12 WEDNESDAY "I do not give my hide to be tanned, nor my bones to be pulverized to manure the land: This would be premature," writes Edward Post Page in his 1825 will. "But, I give and bequeath my body after death...for dissection: reserving the privilege of placing my head at the disposal of Doctor Mott, of Park Place." Page's will is one of the items outlining medicine's history in the exhibit From Healing Hands: Selected Historic Documents, which also includes letters written by Florence Nightingale and Clara Barton. The exhibit is on view today from 10 to 4 and runs through April 27 at the International Museum of Surgical Sciences, 1524 N. Lake Shore Drive. Admission is $2. Call 312-642-6502.
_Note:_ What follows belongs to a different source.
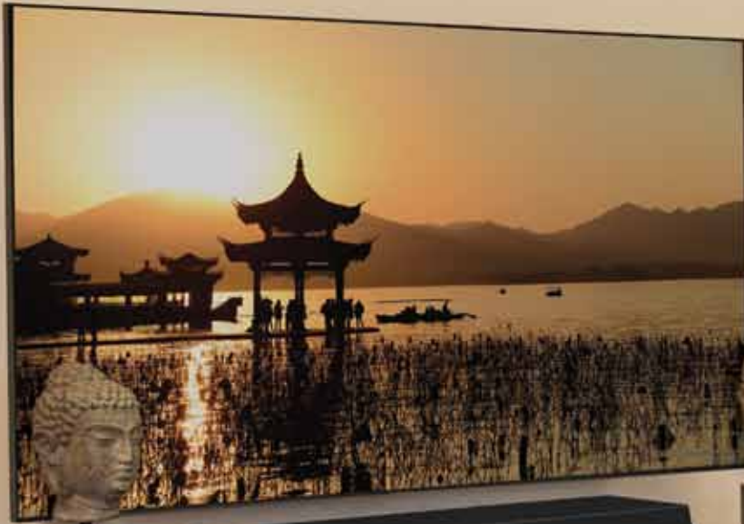
Model shown: SuperCenter XXL

The SuperCenters are high performance center channel speakers appropriate for the highest quality home theater systems. They are designed to perfectly complement and match our Triton Towers and Aon Bookshelf loudspeakers, both sonically and cosmetically. Their sophisticated industrial design is both attractive and functional, both minimizing their apparent size as well as enhancing their acoustic performance.

13 THURSDAY Butoh, the poetic Japanese dance form characterized by dancers with faces painted stark white who communicate through slight movements, will be the highlight at Shinpi No Bi--Mysterious Beauty: A Festival of Japanese Contemporary Dance. The six-week event kicks off tonight at 8 with a performance by Buto-Sha Tenkei ("heavenly birds in the sky") at the Dance Center of Columbia College, 4730 N. Sheridan. Tickets are $14 to $16. Call 773-989-3310.